# anti cheat client truble



## 3cl1pse (Sep 24, 2019)

I am trying to use a gaming client that is called faceit, but I can't use it for games because you have to activate the anti cheat client. I am unable to do so. when trying to activate it i get this text "
*"Warning: your system hasn't been patched against critical Windows security vulnerabilities"*
when I was trying to fix the error i came across this windows error aswell "_ Feature update to Windows 10, version 1803 x64 2019-06OOB - Error 0x80242006_" 
I have watched a lot of videos about bouth errors but i can't fix it.

my pc is an msi aegis 3
gtx1070
i7 7700
16gb ram
1tb hdd
250gb ssd

I whould be thankfull for every bit of help


----------



## Macboatmaster (Jan 15, 2010)

See this
https://support.faceit.com/hc/en-us...-with-our-anti-cheat-client-?mobile_site=true

I am not at this stage suggesting that anything is wrong with the OS, however as you can see on the link, the question is
"Is it a properly licensed version of 10 or some manner of cracked activated Windows 10"
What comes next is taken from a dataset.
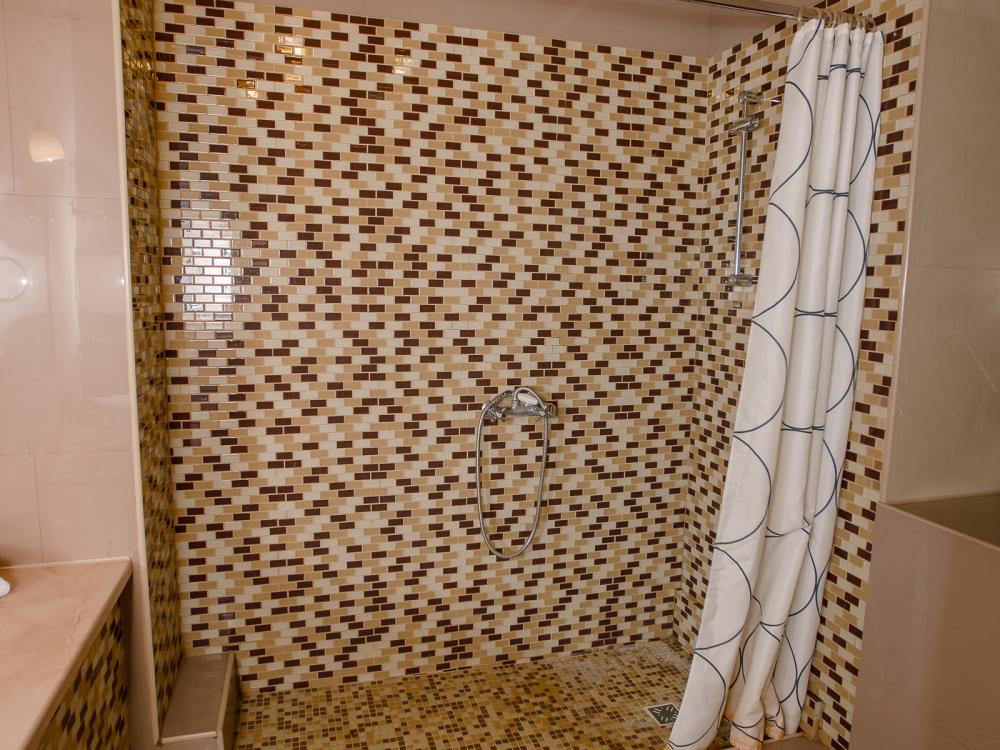 В номере: очень большая кровать, диван, кухня, душ, санузел, телевизор, терраса, шкаф для одежды, трюмо, кондиционер.

Presuming it is genuine the update error may well be caused by a third party AV program
You should if you are using one, such as Norton, AVG, etc see what happens if you totally disable it. You should also disconnect all external device except monitor mouse and keyboard
https://support.microsoft.com/en-gb/help/4089834


----------



## 3cl1pse (Sep 24, 2019)

The PC is prebuilt from MSI som I ehould think that its not a vrakes Windows os

But i wil Try the other tips


----------



## Macboatmaster (Jan 15, 2010)

OK
If you still cannot get it to update then when you post back I will offer other suggestions
The most frequent cause has been shown to be third party AV programs and some other third party software which has ben used, especially system maintenance tools and what are often called make your computer go faster apps


----------